To me she is creative, confident, has evolved personal style, and a timeless aesthetic. We have a range of price points and we use the filter of: Will this piece look great in a few years? and Will a customer invest in it?

Is Mill the natural counterpart to Unionmade or are they different in a larger way then just male/female?

They are different in some ways. When I first started I think I tried to do more of a masculine approach to the assortment. Almost like a friend to Unionmade. I soon realized as a baseline that's a good strategy, but women still want something that's feminine and special. Women definitely shop differently than men. They like the element of surprise and really like to pick up pieces to add into what they already have. Unionmade is a bit more head-to-toe.

What challenges (if any) do you face when creating a store for women as a man?

I thought I was tuned in and then I realized that I'm not in the store all the time interacting with customers and it may be good to get a women's point of view. I hired Michele Janezic to manage the store and buy.  The great news is we both share a similar aesthetic and idea of how the store should be.  

Any chance you're going to open a Mill down here too?

We would love to.  I think we're just trying to refine a bit more and really understand the customer and assortment.  If we're going to go bigger it needs to be perfect.

Do you have any favorite fall items new to Mill?

Fall looks really great.  We added some really interesting lines.  Some of the Japanese lines that you don't see often are my favorite. We added Kapital, Journal Standard Luxe, and we always love Chimala. For items, we went after the idea of cocooning. Clothes that are loose and wrap and can be worn in many different ways. They're a bit more conceptual and utilitarian, but feel modern. We also have some amazing sweaters that we're really excited about. Everything from classic fisherman to chunky turtlenecks.  There are also some amazing blazers this season.  Our favorite being a few from the Margaret Howell mainline.

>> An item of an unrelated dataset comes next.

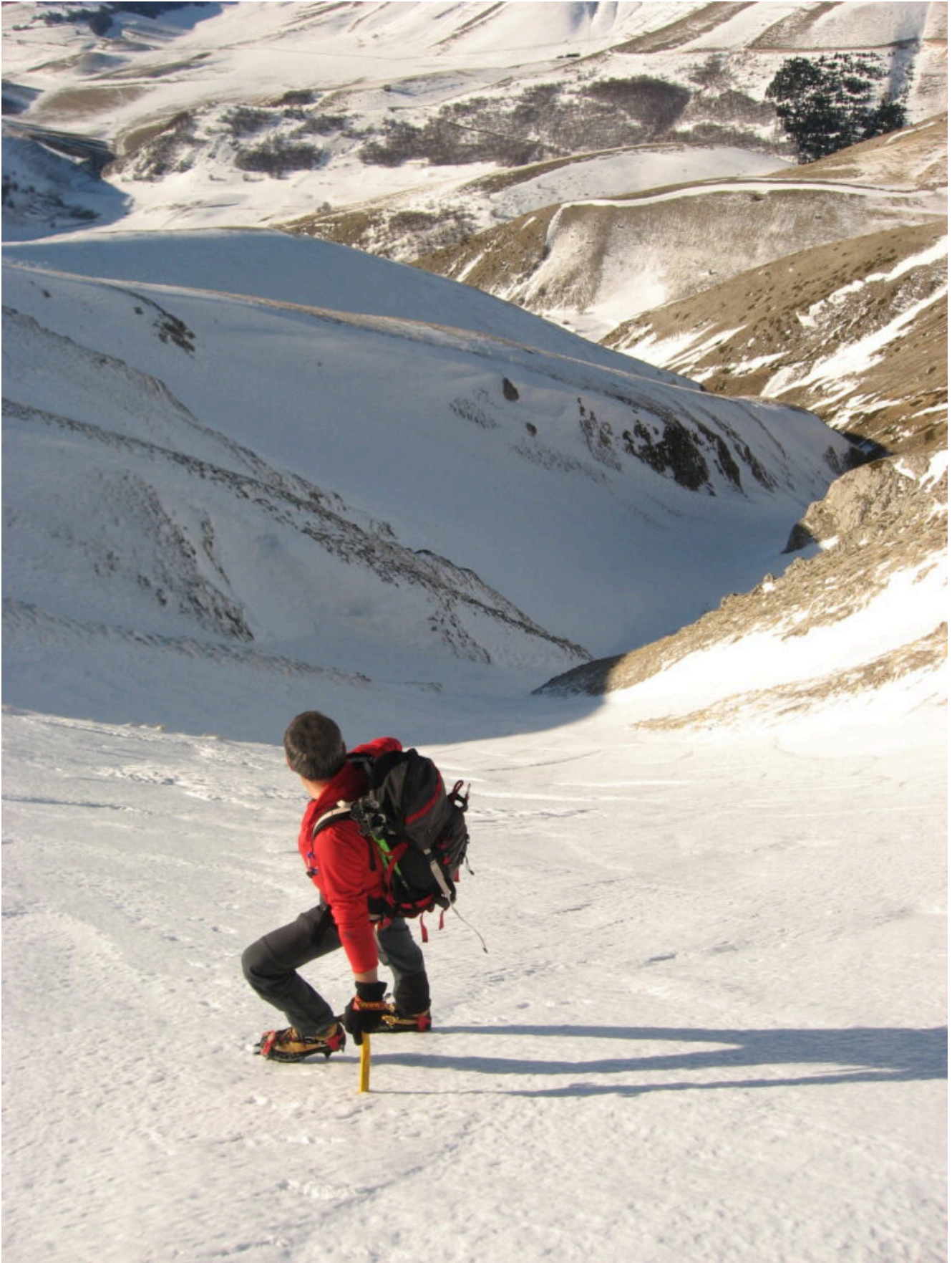
29- Uscita dalla strettoia del canale Ovest del Monte Porche, si prosegue diretti verso la cima, in alto a sinistra la zona del San Lorenzo.

What does tomboy style mean to you?

Tomboy style to me is timeless and a bit mixed up.  I always equate it to great style and confidence.  It looks great now and it will look great 50 years from now.  It's cool and effortless and it's the girl that other girls want to be.

7 comments:

petal and plume said...

this was an incredible joy to read, thank you!
xx

Anonymous said...

This is perfect! I'm headed to SF in two weeks!

Barkeley said...

So happy you finally posted about Mill! Far and away, Mill is my favorite store in SF. It has such a lovely/cool vibe, with awesome employees and the best clothing/ books/beauty products out there. It's my happy place. Every time I stop by, I get pieces that I know I'm gonna live in.

Another store that you might like is Conifer -- also in SF: www.conifershop.com

Lizzie said...

@Barkeley I can't wait to get that experience! Conifer looks rad, checking it out more now!

Rebecca said...

Couldn't agree with Barkeley more! MILL is a short drive away and I make it in about once a month! The store is filled with beautifully selected items and truly, the women that work there are gracious and a joy to chat with. Another plus, parking is usually easy to find-- a rarity in the city by the bay!